It can be inspected by certain categories of people (set out in Rule 188), and can be taken up by the solicitor for the registered owner on accountable receipt if production of the original is required, say for court purposes.

I'd say mark out what you believe you have (or be able to point it out on the map and compare that with what you actually received in the deed (on the instrument, or a copy), and then compare that with what the PRA actually registered.  It'll give you a good idea of where the error occurred, and should mean a faster resolution.
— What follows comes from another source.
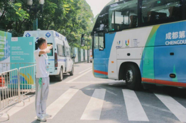 当天,李邦辉的主要任务是在大运村到城北体育馆的往返线路上,为运动员、代表团官员提供上下车和跟车陪同服务等。
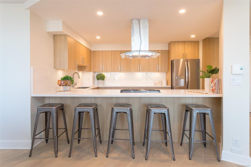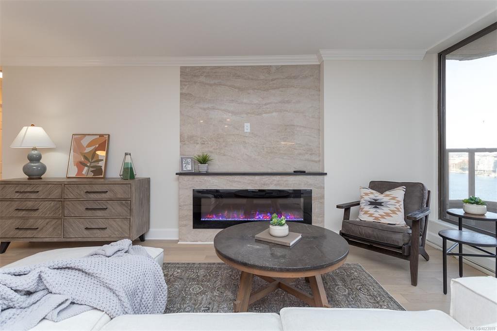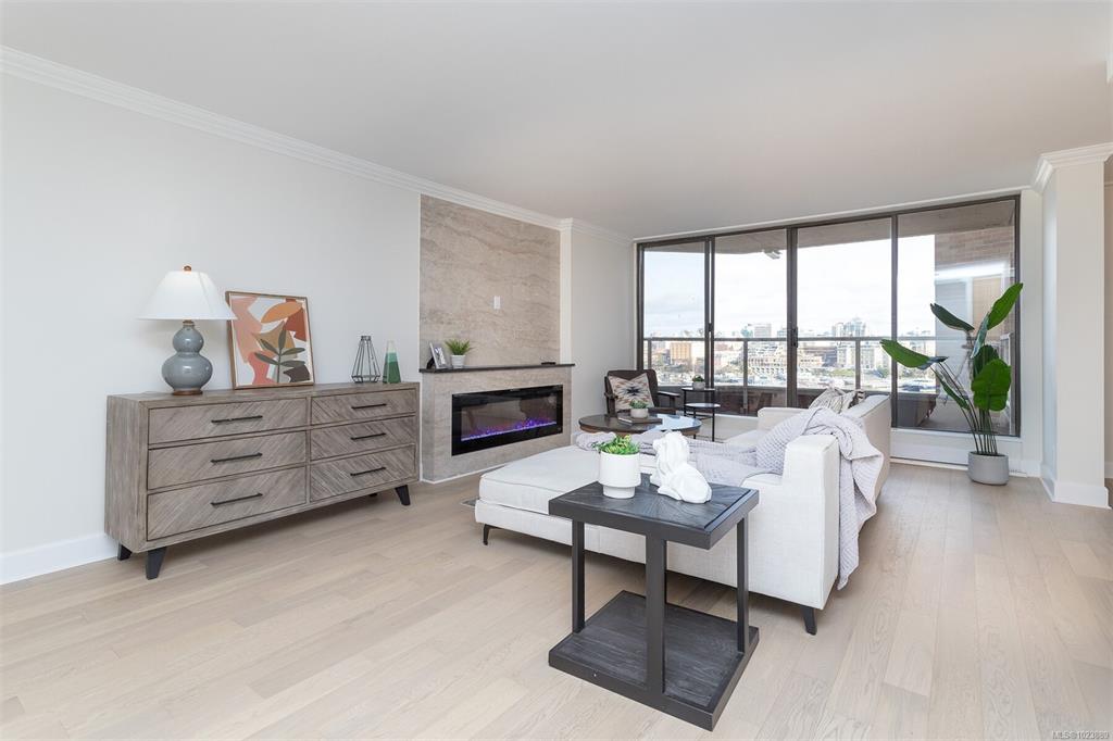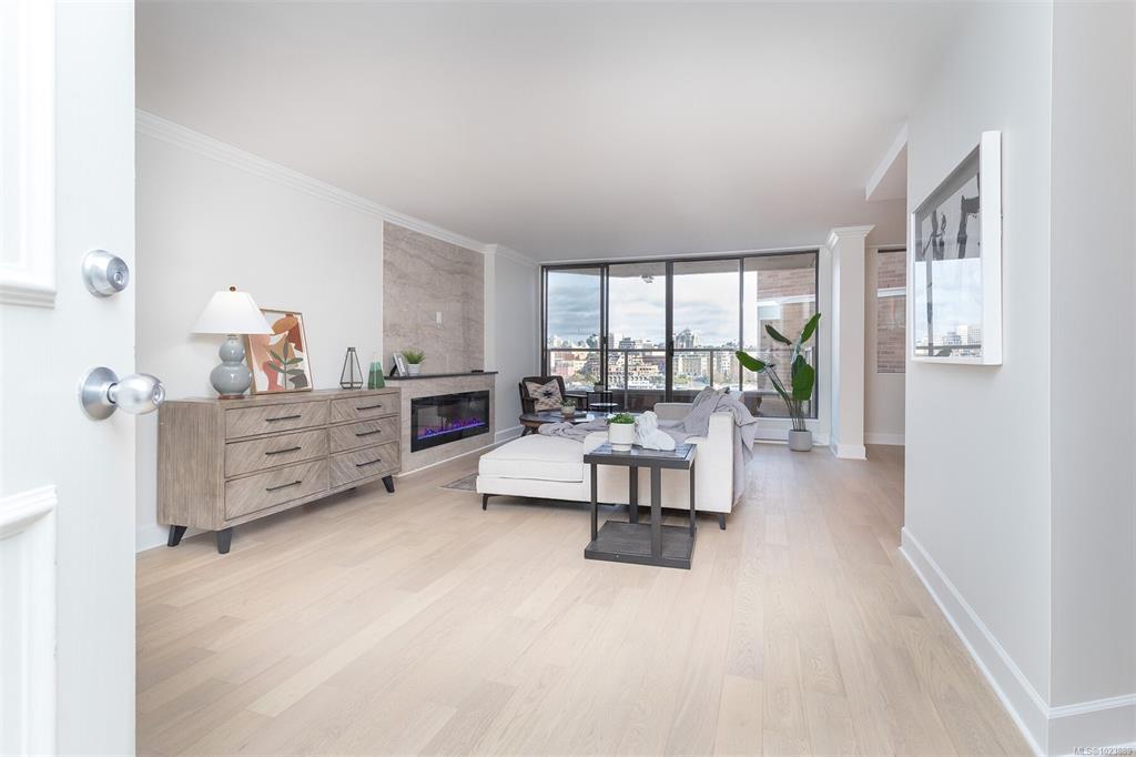 Come and discover this absolutely stunning 8th floor 2-Bedroom, 2-Bath condo with some of the most incredible views of the magical Victoria Inner Harbour, marina's, and city including the historic Empress Hotel. This large 1200 sf home has been completely transformed into a modern and sophisticated residence so you can just move in and enjoy. You will love the brand new wood grained chefs kitchen featuring quartz counters, 5 person eating bar, new Stainless Steel appliances, and under-counter lighting. Very...

Edit:  It costs €2.50 to inspect an instrument (€25 for a copy) and a few quid to do map searches (not sure how much, but it's in the order of €6) so it's not entirely free.


----------



## sideswipe (11 Aug 2009)

> You can call into the public counters in Chancery St (part of the Four Courts complex, or Waterford (Cork Road). If it's one of these counties you can go to either office - Longford, Carlow, Meath, Westmeath, Kilkenny, Wexford, Clare, Louth, Wicklow, Dublin, Roscommon, Kildare, Sligo, Cavan, Cork, Limerick, Mayo and Donegal as the maps are digitised. If it's another county, you're better off going to the relevant office set out in the contact info, as the maps are still in paper form.
> http://www.prai.ie/eng/Contact_Us/La...t_Details.html


 
Thanks for that j26, very helpful. i will seek to inspect the instrument to see if that sheds any light on the problem.


----------



## Bronte (11 Aug 2009)

I think j26's post should be a key post as it could help a lot of people having issues with the new digital registration system.


----------